Top of Provided data

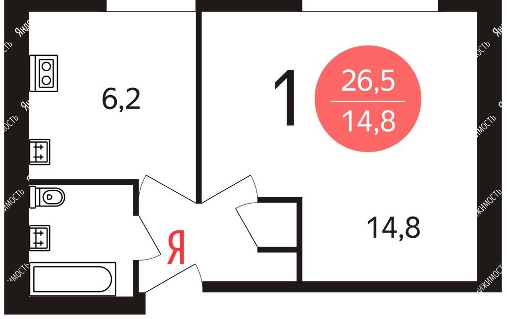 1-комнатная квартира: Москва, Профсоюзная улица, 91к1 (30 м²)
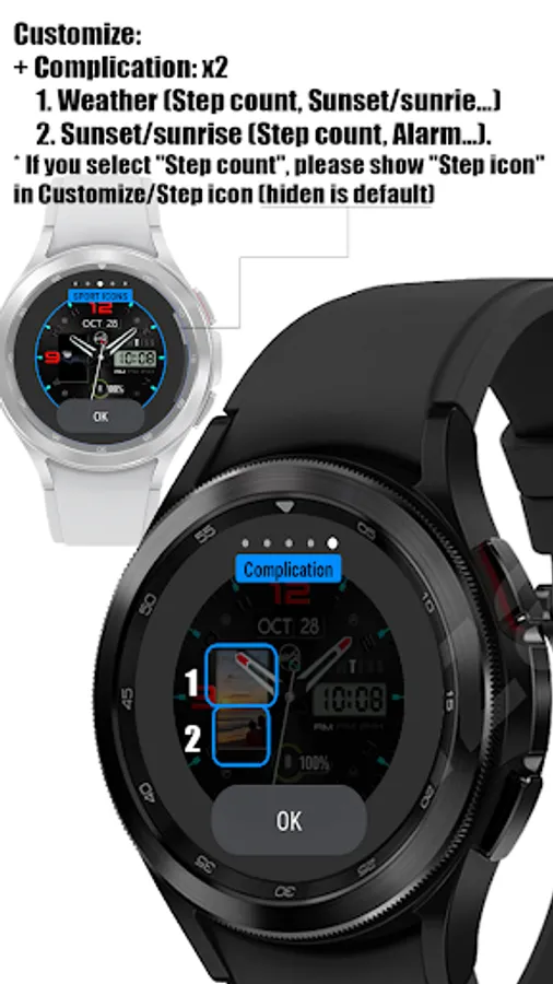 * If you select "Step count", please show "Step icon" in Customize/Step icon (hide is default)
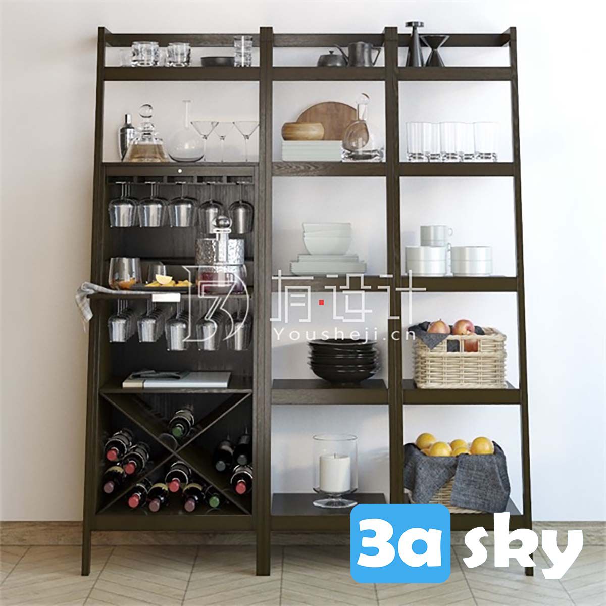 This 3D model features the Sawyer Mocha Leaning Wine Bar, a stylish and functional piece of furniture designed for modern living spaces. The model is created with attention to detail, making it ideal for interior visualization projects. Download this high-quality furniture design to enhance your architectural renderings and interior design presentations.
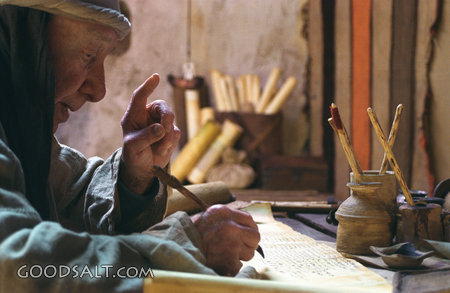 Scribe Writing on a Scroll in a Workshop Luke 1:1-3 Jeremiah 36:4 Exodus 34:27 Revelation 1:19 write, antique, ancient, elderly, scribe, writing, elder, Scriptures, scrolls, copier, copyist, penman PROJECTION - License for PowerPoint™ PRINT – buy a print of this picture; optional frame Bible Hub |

Bottom of Provided data

> **What needs to be done**
Word for word, restate all of the material above except its pictures.

> **Task answer**
 1-комнатная квартира: Москва, Профсоюзная улица, 91к1 (30 м²)
 * If you select "Step count", please show "Step icon" in Customize/Step icon (hide is default)
 This 3D model features the Sawyer Mocha Leaning Wine Bar, a stylish and functional piece of furniture designed for modern living spaces. The model is created with attention to detail, making it ideal for interior visualization projects. Download this high-quality furniture design to enhance your architectural renderings and interior design presentations.
 Scribe Writing on a Scroll in a Workshop Luke 1:1-3 Jeremiah 36:4 Exodus 34:27 Revelation 1:19 write, antique, ancient, elderly, scribe, writing, elder, Scriptures, scrolls, copier, copyist, penman PROJECTION - License for PowerPoint™ PRINT – buy a print of this picture; optional frame Bible Hub |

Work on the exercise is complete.